» **Activity**: Copy all data exactly. Skip pictures.

── Provided entries

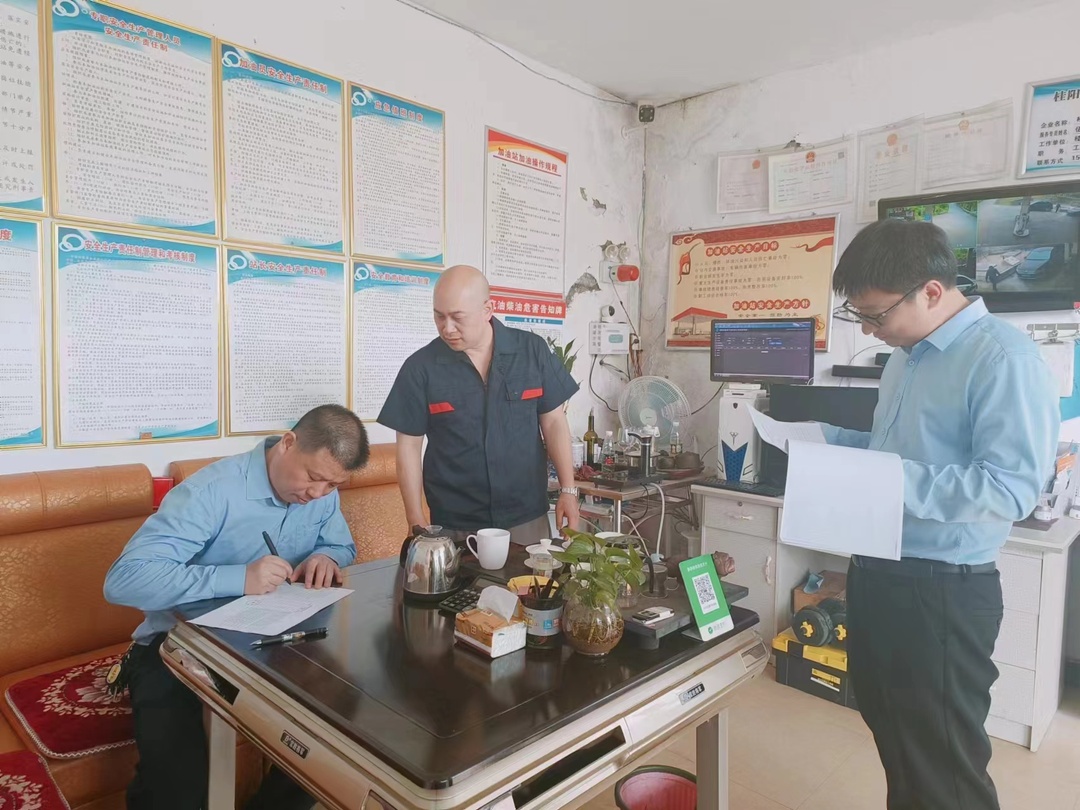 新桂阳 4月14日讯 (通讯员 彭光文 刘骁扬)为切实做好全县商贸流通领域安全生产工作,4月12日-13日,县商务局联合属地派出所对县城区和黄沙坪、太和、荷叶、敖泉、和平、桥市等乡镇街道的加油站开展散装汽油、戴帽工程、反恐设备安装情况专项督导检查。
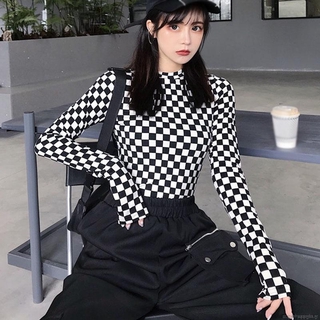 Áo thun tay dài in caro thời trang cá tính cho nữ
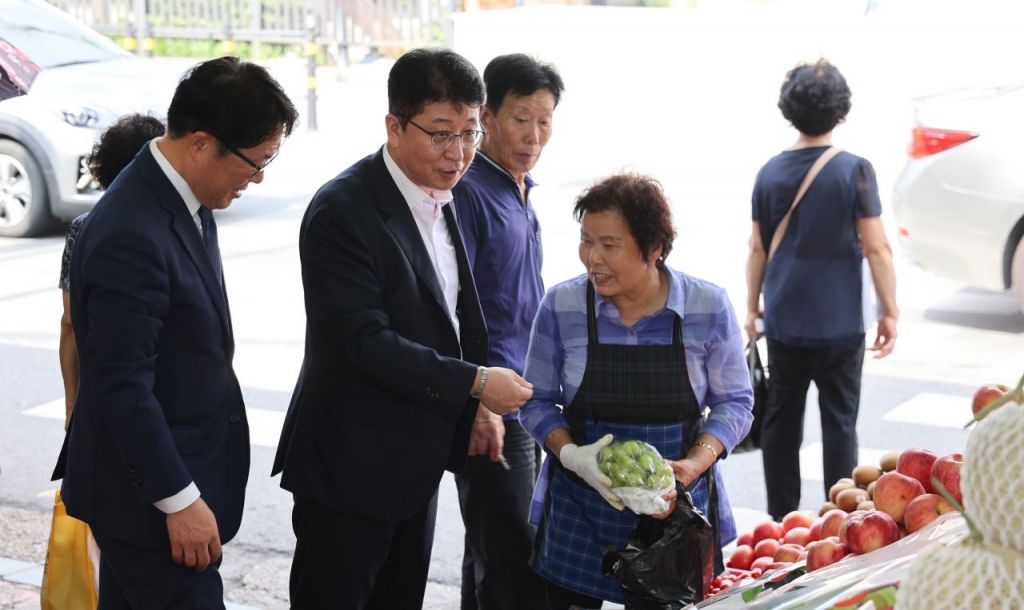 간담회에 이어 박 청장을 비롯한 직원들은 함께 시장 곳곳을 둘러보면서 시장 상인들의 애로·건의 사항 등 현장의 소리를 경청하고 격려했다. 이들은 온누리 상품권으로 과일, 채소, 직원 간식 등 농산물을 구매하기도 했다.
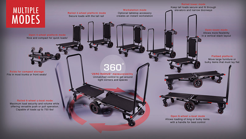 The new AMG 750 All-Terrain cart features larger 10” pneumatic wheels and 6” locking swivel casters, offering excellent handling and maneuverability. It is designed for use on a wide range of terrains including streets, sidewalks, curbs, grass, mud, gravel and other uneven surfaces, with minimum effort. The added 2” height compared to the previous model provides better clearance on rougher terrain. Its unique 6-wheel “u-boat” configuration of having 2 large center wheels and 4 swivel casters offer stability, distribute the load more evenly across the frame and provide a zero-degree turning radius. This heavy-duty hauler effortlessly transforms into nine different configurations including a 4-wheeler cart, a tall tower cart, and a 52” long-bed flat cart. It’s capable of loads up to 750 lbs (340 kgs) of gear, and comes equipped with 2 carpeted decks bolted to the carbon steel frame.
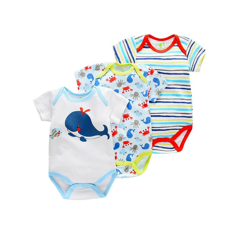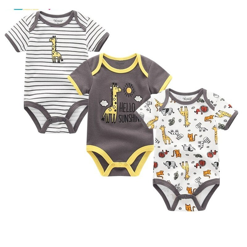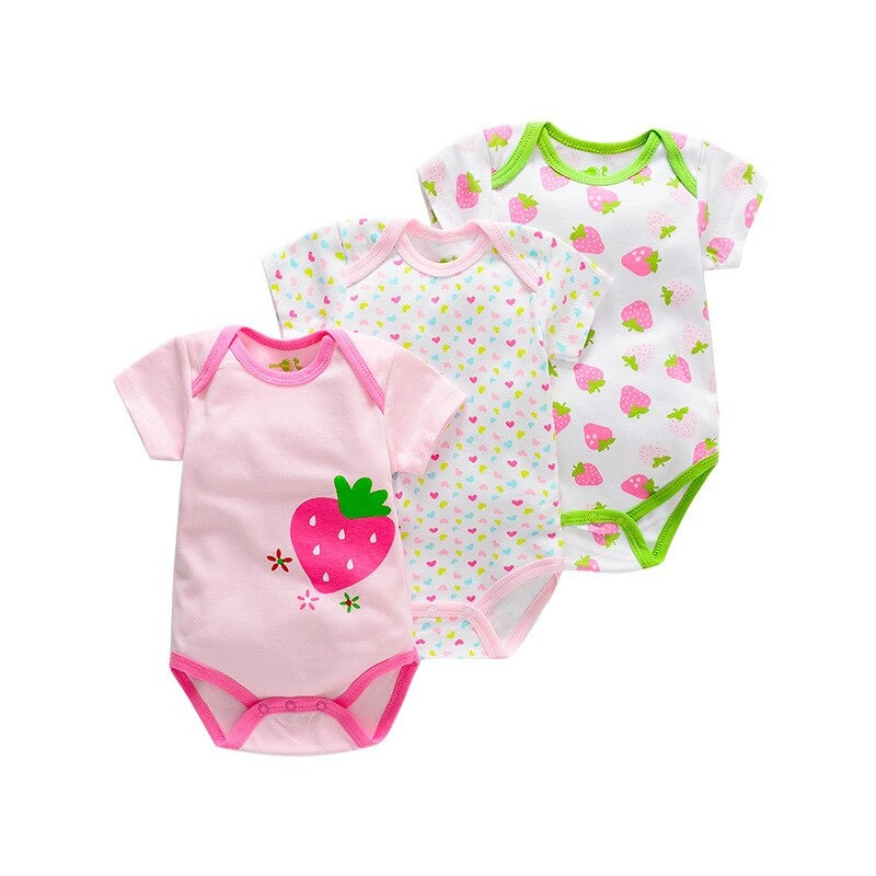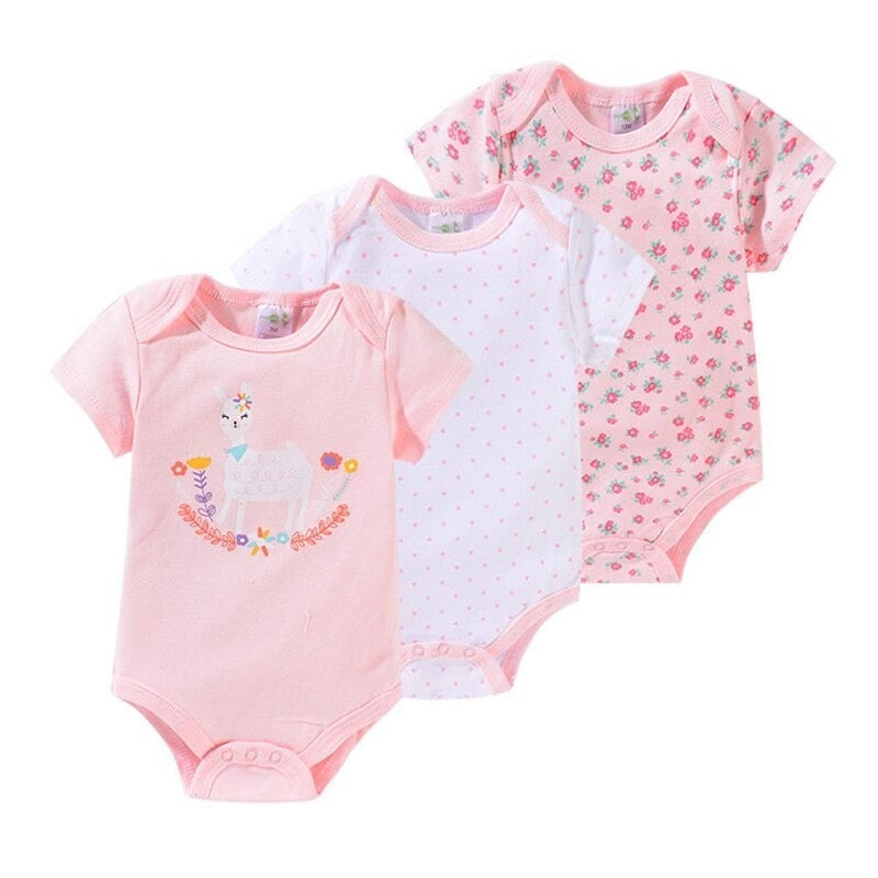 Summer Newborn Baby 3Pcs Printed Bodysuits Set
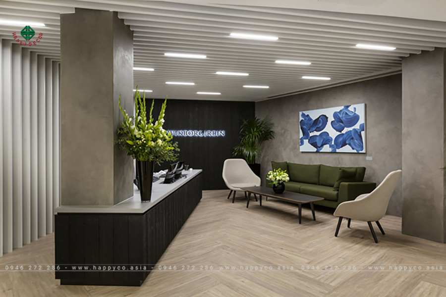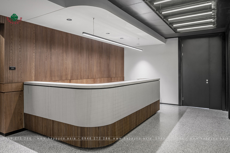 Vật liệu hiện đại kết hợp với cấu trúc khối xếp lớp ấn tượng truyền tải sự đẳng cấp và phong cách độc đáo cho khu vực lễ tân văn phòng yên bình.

────

» **Your solution**:
 新桂阳 4月14日讯 (通讯员 彭光文 刘骁扬)为切实做好全县商贸流通领域安全生产工作,4月12日-13日,县商务局联合属地派出所对县城区和黄沙坪、太和、荷叶、敖泉、和平、桥市等乡镇街道的加油站开展散装汽油、戴帽工程、反恐设备安装情况专项督导检查。
 Áo thun tay dài in caro thời trang cá tính cho nữ
 간담회에 이어 박 청장을 비롯한 직원들은 함께 시장 곳곳을 둘러보면서 시장 상인들의 애로·건의 사항 등 현장의 소리를 경청하고 격려했다. 이들은 온누리 상품권으로 과일, 채소, 직원 간식 등 농산물을 구매하기도 했다.
 The new AMG 750 All-Terrain cart features larger 10” pneumatic wheels and 6” locking swivel casters, offering excellent handling and maneuverability. It is designed for use on a wide range of terrains including streets, sidewalks, curbs, grass, mud, gravel and other uneven surfaces, with minimum effort. The added 2” height compared to the previous model provides better clearance on rougher terrain. Its unique 6-wheel “u-boat” configuration of having 2 large center wheels and 4 swivel casters offer stability, distribute the load more evenly across the frame and provide a zero-degree turning radius. This heavy-duty hauler effortlessly transforms into nine different configurations including a 4-wheeler cart, a tall tower cart, and a 52” long-bed flat cart. It’s capable of loads up to 750 lbs (340 kgs) of gear, and comes equipped with 2 carpeted decks bolted to the carbon steel frame.
 Summer Newborn Baby 3Pcs Printed Bodysuits Set
 Vật liệu hiện đại kết hợp với cấu trúc khối xếp lớp ấn tượng truyền tải sự đẳng cấp và phong cách độc đáo cho khu vực lễ tân văn phòng yên bình.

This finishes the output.